Выбрать главу

Игла вошла а вену, мама еле слышно вздохнула — и больше ничего. Но шесть или семь минут спустя, когда дурман достиг мозга, она открыла уста и заговорила. Всего четыре слова сказала она — ясным, чистым голосом, которого мы не слышали вот уже три с половиной года. «Holl die Fabrik zuruck».

В саду пели птицы, жужжали пчелы, и страшно кричал в коридоре какой-то старик, не желавший ложиться на каталку, чтобы ехать в ванную.

— Что она сказала? — воскликнула Мэри О'Дуайер.

— «Верните фабрику».

— Фабрику?

— У ее родителей в Дрездене была фабрика, — объяснила я, не отрывая глаз от маминого лица. — Давно, еще до войны.

— И что с ней стало?

— Не знаю. Отобрали нацисты.

— Может быть, она еще что-нибудь скажет? Вот видите, мистер Ребик, говорила же я вам, что Бог милосерден и чудеса творит! Она обязательно скажет что-нибудь еще!

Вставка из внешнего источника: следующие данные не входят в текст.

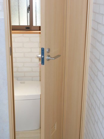 現状の浴室サイズをフルに活かす為、タカラスタンダードのぴったりサイズのシステムバス。洗面脱衣所は解体しても問題のない間仕切壁を解体し、脱衣所を広くしました。また小便器も必要ということでしたので狭小場所でも出入りがしやすいサニタリードアをおすすめ致しました。
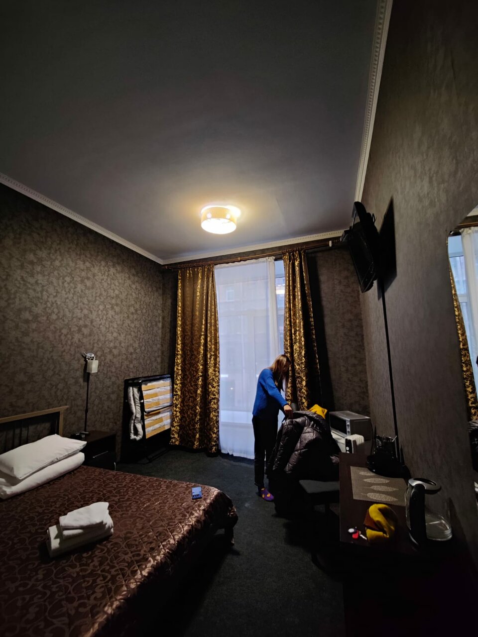 В путешествии с дочерью останавливались в этом отеле. Хорошее место расположения. Так получилось, что в номере только мылись и спали. Хочется отметить белоснежное постельное белье и полотенца, хороший напор горячей воды и хороший слив в душевой. Ремонт и мебель простенькие, но номера чистенькие и теплые. Питались за пределами отеля, так что удобствами гостиницы не воспользовались. Окна выходили на проезжую часть, но в ночное время тихо, движения нет. С учетом стоимости отель на твердую 4!

— Лучше не надо, — шепчу я.

Она умерла перед рассветом, как и обещал нам Муни. Тогда-то я и поняла, что между жизнью и смертью разница огромная — хоть порой и трудно определить, в чем она заключается. Но еще вчера мама была жива, а на следующее утро, когда медсестра приподняла с ее лица покрывало, не было сомнений, что жизнь ее окончена. Еще вчера билось (пусть и слабо) ее сердце, вздымалась и опадала грудь, и кровь бежала по артериям, венам и бесчисленным подкожным капиллярам: теперь все это ушло — и что осталось?

— Куда она ушла, Алике?

Не знаю, Сэм. Пришли женщины из «Хевра Кад-диша», осторожно и нежно обмыли ее изможденное тело, завернули его в льняной саван и семь раз перевили исхудалые запястья белыми лентами. Лицо ее они прикрыли покровом из марли, а рядом положили горсть израильской земли. Тело ее уложили в сосновый гроб и опустили в землю — всего через каких-нибудь десять часов после смерти. Ты был там, Сэм, ты все видел, ты слышал, что говорил раввин — теперь она на Небесах, со своими родителями, и братом, и всеми дядьями, тетками и прочей родней, погибшей в Германии в те страшные годы. Теперь она встретилась с отцом — да покоится он в мире! — с ним она предстоит перед престолом Божиим, и Бог простирает к ним руки и прижимает их обоих к груди. Верь в это, Сэм, если хочешь. А если не хочешь — можешь верить, что израильская земля уже смешалась с землей английской, и английские черви взялись за работу: мамино лицо под марлевым покровом стало добычей тления, и мертвая плоть мозга, где когда-то обитали ее мысли, — пищей для гнилостных бактерий. Потому что это и есть смерть, Сэм. И что о ней думать — каждый решает сам.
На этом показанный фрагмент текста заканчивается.